I step closer. Not because I’m intimidating. Because I want him to see my face.
“You want me to be afraid of you,” I say quietly. “I can see it. You’re used to people being afraid, and it bothers you that I’m not.”
His jaw tightens. Something flickers behind his eyes.
“You should be.”
“I’ve been afraid of things you can’t imagine, Kaiden.”
My voice stays calm. “You don’t even register.”
The hallway is nearly empty. We’re close enough that I can see the stitching on the Edgewood crest on his blazer. Close enough to smell the dark, woody scent of his cologne.
He doesn’t move. Just looks at me.Hard. Intense. Like he’s trying to see past my skin.
I reach past him, open my locker, and pull out my books. When I close the door our eyes meet again.
“Try me,” I say softly.
Not a challenge. A statement. Then I walk away.
My wrist throbs under the bandage. My hands want to shake. I press my books tighter against my chest until the tremor disappears into the weight.

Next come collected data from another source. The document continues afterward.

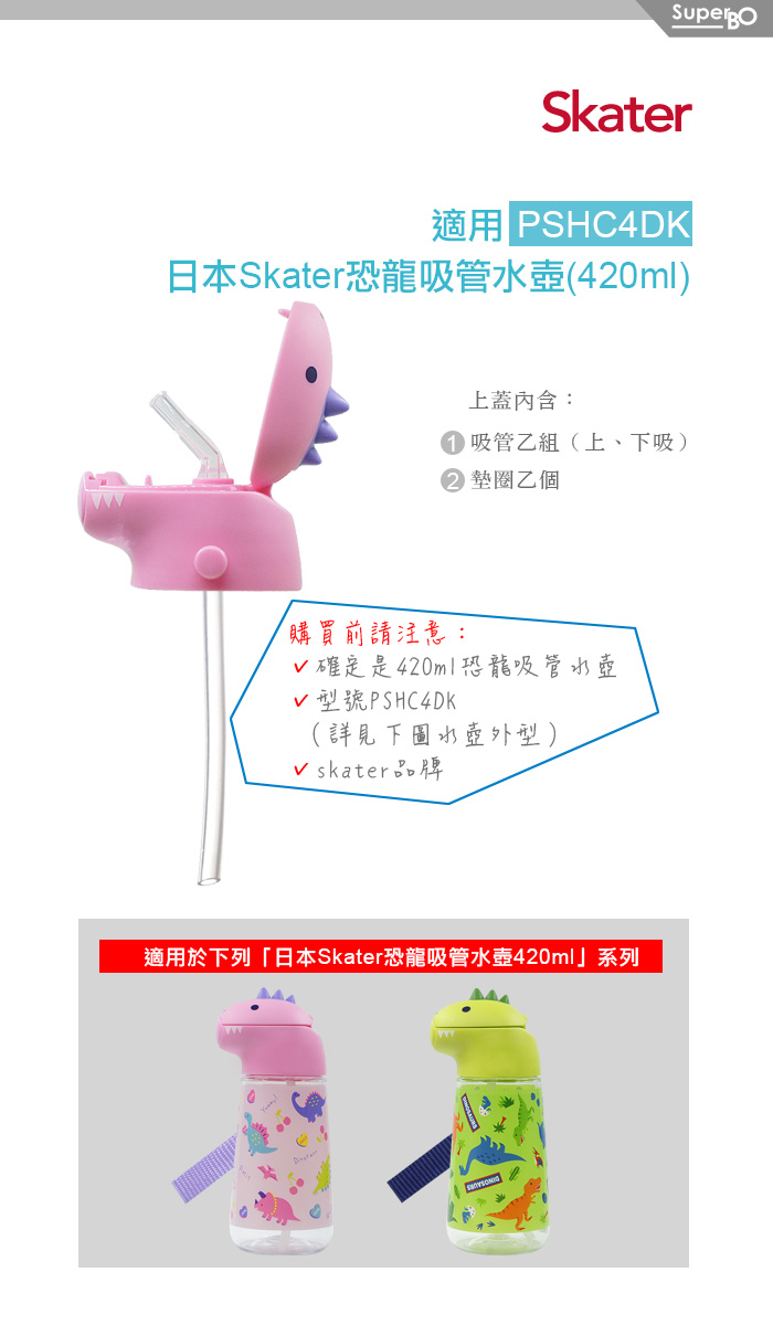 ◆Skater 恐龍吸管水壺(420ml) 專用配件 ◆只適用於型號PSHC4DK,此品不適用於其他水壺,請確認所需。 ◆請特別注意,與其他款式皆不共用。 材 質:上蓋 聚丙烯PP/耐熱溫度:120度 吸管、墊圈 矽膠 /耐熱溫度:140度 保存方式:置於乾燥處 產 地:中國 注意事項: 1.請注意: 只適用於Skater 恐龍吸管水壺(420ml)系列。 2.請以海綿清洗,勿用鋼刷或硬質物洗滌,以免刮傷。 *不適用於Skater其他系列水杯/壺*
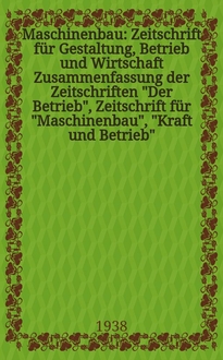 Maschinenbau : Zeitschrift für Gestaltung, Betrieb und Wirtschaft Zusammenfassung der Zeitschriften "Der Betrieb", Zeitschrift für "Maschinenbau", "Kraft und Betrieb", "Zwanglose Mitteilungen des Vereines deutscher Maschinenbau - Anstalten". Bd.14 (Jg. 17 Der Betrieb), H.15
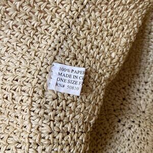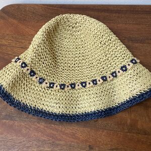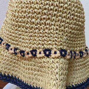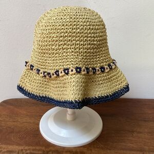 Charming paper made sun hat featuring a stylish navy trim. Perfect for sunny days.

In the parking lot I sit in my car for a full minute before turning the key. Part of me waits. For footsteps. For someone approaching from behind. But they never come.
The engine starts. Music fills the car again. And I drive. What I refuse to think about on the drive home is the look on Kaiden’s face when I told him he didn’t register.
It wasn’t anger. Or insult. It was recognition. Like I said something he already knew.
I tighten my grip on the steering wheel.
One day at a time. Survive the days. Survive the nights. Keep the bandage hidden. Keep the smile convincing. Keep the walls intact. One day at a time. Until one day stops feeling like a war.